President Mikhail Gorbachev has halted plans to deport Armenians from violence-torn areas of Azerbaijan and ordered helicopters to evacuate the wounded, Armenia's president said Saturday.
Tens of thousands of Armenians, meanwhile, jammed Independence Square in Armenia's capital of Yerevan to mourn the latest victims of the ethnic violence. Soviet television showed two coffins hoisted shoulder-high amid the huge crowd.At a Moscow news conference, Armenian President Levon Ter-Petrosian said he won the concessions from Gorbachev in a 90-minute meeting in the Kremlin on Friday. The meeting followed fighting this week that cost 36 lives.
Gorbachev also met separately with Azerbaijani President Ayaz Mutalibov to try to quell the latest bloodshed between the southern republics. Neither Mutalibov nor Gorbachev commented on the session.
Ter-Petrosian angrily accused the Soviet leadership of waging "state terrorism" against his tiny republic.
He said he had complained to Gorbachev that mass deportations of Armenians from Azerbaijan would represent an escalation in the conflict. After the meeting, he received a phone call from KGB Chairman Vladimir Kryuchkov, who told him "the question of deportations has been taken off the agenda," he said.
Ter-Petrosian said 36 civilians were killed and scores wounded when Soviet and Azerbaijani troops attacked the villages of Getashen and Martunashen on Monday.
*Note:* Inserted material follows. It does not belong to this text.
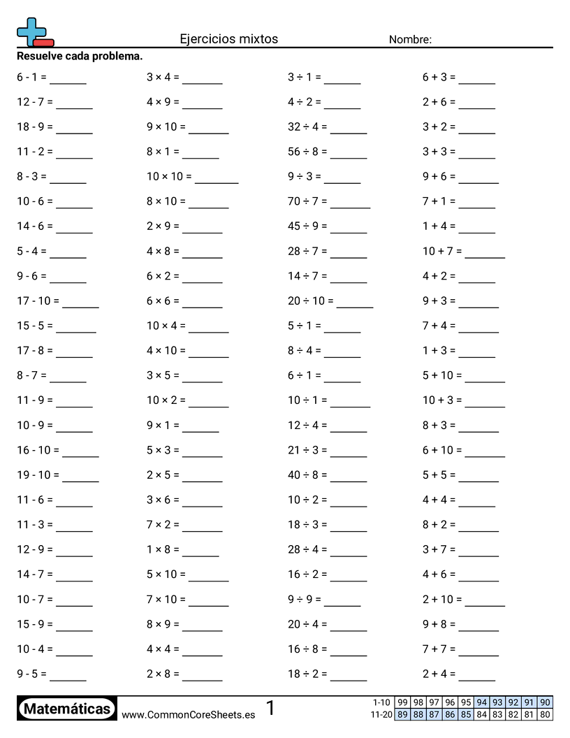 Hojas de trabajo gratis de math sobre Ejercicios mixtos. Cada hoja tiene 100 ejercicios con hoja de respuestas y es ideal para maestros y educación en casa. Puedes descargar el PDF, crear tarjetas de memoria o configurarlo para aprendizaje en línea.

The villages are inside Azerbaijan, but most of their 2,760 residents are ethnic Armenians.
An Armenian lawmaker charged Thursday that people injured in the fighting were dying because Soviet troops were preventing doctors from treating them. Ter-Petrosian said he raised the issue with Gorbachev, who agreed to allow helicopters to evacuate the injured.